:: Recorded information ::
= = = =
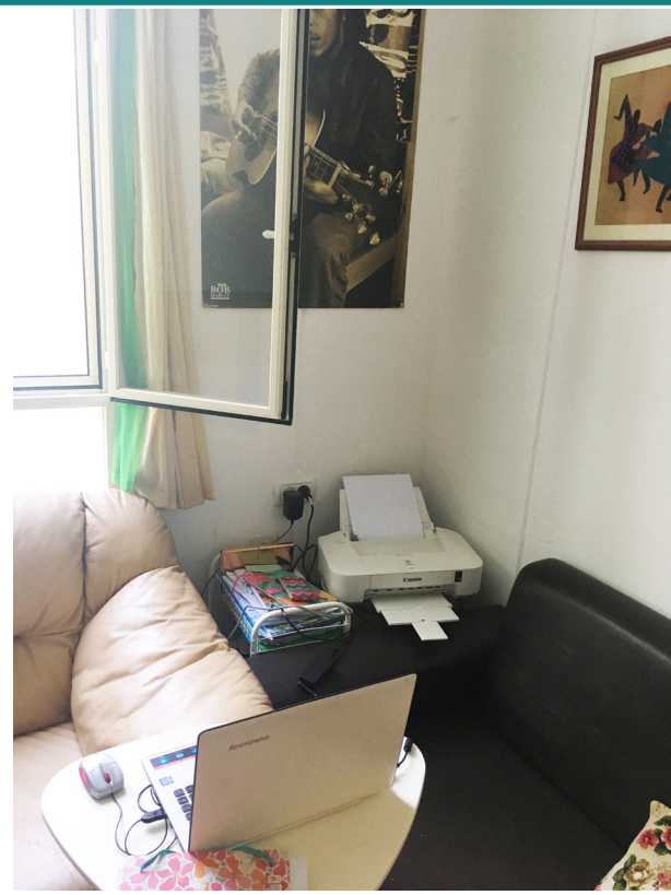
פינת עבודה - תרתי משמע - בין הספות בסלון פינת קפה שהוסבה למטבחון

גם על התכנון הפנימי של הדירה - ובשביל מה כל זה? כדי שסבתא שלי, לילי, תהיה מרוצה שאני פה? כל חיי הייתי גאה במקום ממנו אני באה, ומאז השינוי בהזרוע, משנה לשנה, המערכת דוחקת אותי החוצה. אז רגע לפני שאני עוזבת, רצייתי לכתוב את הדברים ולשתף כי עדיין אכפת לי ואני עדיין בת הקיבוץ.
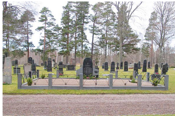
Gravplats med omgärdning av sten och järn, kvarter I. Notera kvarterets enhetlighet (KI Fågelfors kyrkog 048)
= = = =
:: Your task ::
Write out the full listing verbatim, excluding its pictures.

:: Your response ::
פינת עבודה - תרתי משמע - בין הספות בסלון פינת קפה שהוסבה למטבחון

גם על התכנון הפנימי של הדירה - ובשביל מה כל זה? כדי שסבתא שלי, לילי, תהיה מרוצה שאני פה? כל חיי הייתי גאה במקום ממנו אני באה, ומאז השינוי בהזרוע, משנה לשנה, המערכת דוחקת אותי החוצה. אז רגע לפני שאני עוזבת, רצייתי לכתוב את הדברים ולשתף כי עדיין אכפת לי ואני עדיין בת הקיבוץ.
Gravplats med omgärdning av sten och järn, kvarter I. Notera kvarterets enhetlighet (KI Fågelfors kyrkog 048)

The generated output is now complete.